With 826 bacterial genera identified, the level of diversity in F. candida approaches that described in the hindgut of termites, wood-feeding insects that have one of the most complex microbiota of any animal group30. Other soil invertebrates are characterized by comparable or even higher levels of microbial diversity. For example, Pass et al.31, studied the microbiome of the earthworm Lumbricus rubellus and found no less than 9 120 host-specific OTUs. This very diverse community was dominated by Proteobacteria and Actinobacteria, very similar to the situation in F. candida. High diversity was also observed in the gut of two cockroach species, with approximately 1 000 OTUs32, whereas slightly lower counts were detected in the ant Cephalotes varians (445 OTUs), in the compost worm Eisenia fetida (338 OTUs) and in the isopod Armadillidium vulgare (153 OTUs)33,34,35.

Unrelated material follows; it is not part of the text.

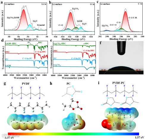 图2. (a-c)锂金属表面XPS图谱;PPC浆料与(d) LiOH和(e)Li2CO3粉末混合12h后FT-IR图谱;(f)PVDF膜与PC的接触角照片;(g)PVDF,(h)PC,(i)PVDF-PC的分子结构和静电势
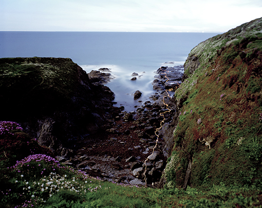 James' remarkable long-exposure photographs are taken at night and contain light trails made with a torch or burning paper across the landscapes of Cornwall and Southern England. Derived from a tradition of Land Art, with Richard Long the obvious precursor, James seeks to interact with the environment in a performative sense. His seductively beautiful works are essentially the record of an action in the landscape, and blur the boundary between artist and subject.

The bacterial community in F. candida was dominated by Proteobacteria species, and within this group the Gammaproteobacteria were particularly abundant (21% of the reads). Proteobacteria, a large taxon of functionally diverse bacteria, dominate the microbiome of terrestrial insects and other soil invertebrates such as earthworms, nematodes and isopods31,36,37,38,39. Pseudomonas, one of the most abundant bacteria detected in F. candida, is commonly found in the microbiome of soil invertebrates like termites, ants and beetles, isopods and nematodes, as well as in their environment34,35,37,40. Pseudomonas, together with Rickettsia and Chryseobacterium, was also the most abundant OTU in the microbiome of the springtail Orchesella cincta41. Another abundant bacterium in F. candida was Paraburkholderia. This genus includes many soil species, a few of which are used as plant probiotics thanks to their growth-promoting and possibly defensive properties42. Other members of the Proteobacteria identified in F. candida’s microbiota were Sphingopixis, Stenotrophomonas, Pseudoxanthomonas, Burkholderia, all of which were detected in soil invertebrates (worms, cockroaches, termites, ants and beetles)37. The most abundant bacterium in F. candida was Microbacterium. Members of the Microbacteriaceae have been previously identified in different species of beetles43,44, and Actinobacteria in general (although in low amounts) have been found in cockroaches23 and in a few species of insects (ants, beetles and termites) characterized by nutritional symbioses with fungi33,40. Actinobacteria are also one of the dominant bacterial groups in other soil invertebrates such as earthworms31,34,45.

The observed bacterial diversity in F. candida is comparable to that previously detected by 16S high-throughput sequencing in the same lab-reared population of springtails25. However, the taxonomic distribution between the two studies is very different. Based on 16S sequencing, Pseudomonas was the most abundant bacterial genus with 42% of the reads25. Nine other dominant OTUs were identified, including Bacillus (19% of the reads), a member of the Actinomycetales (9%), Escherichia sp. (4%) and Ochrobactrum sp. (3%). Microbacterium accounted only for 0.3% of the read, and Paraburkholderia was not identified. This discrepancy can be explained by the difference in sequencing methods applied. High-throughput amplicon sequencing is subjected to PCR bias, with differences in the amplification efficiency of DNA from different bacterial species; in shotgun metagenomic sequencing, on the other hand, biases can be caused by the method chosen for taxonomic assignment, possibly leading to misidentifications46.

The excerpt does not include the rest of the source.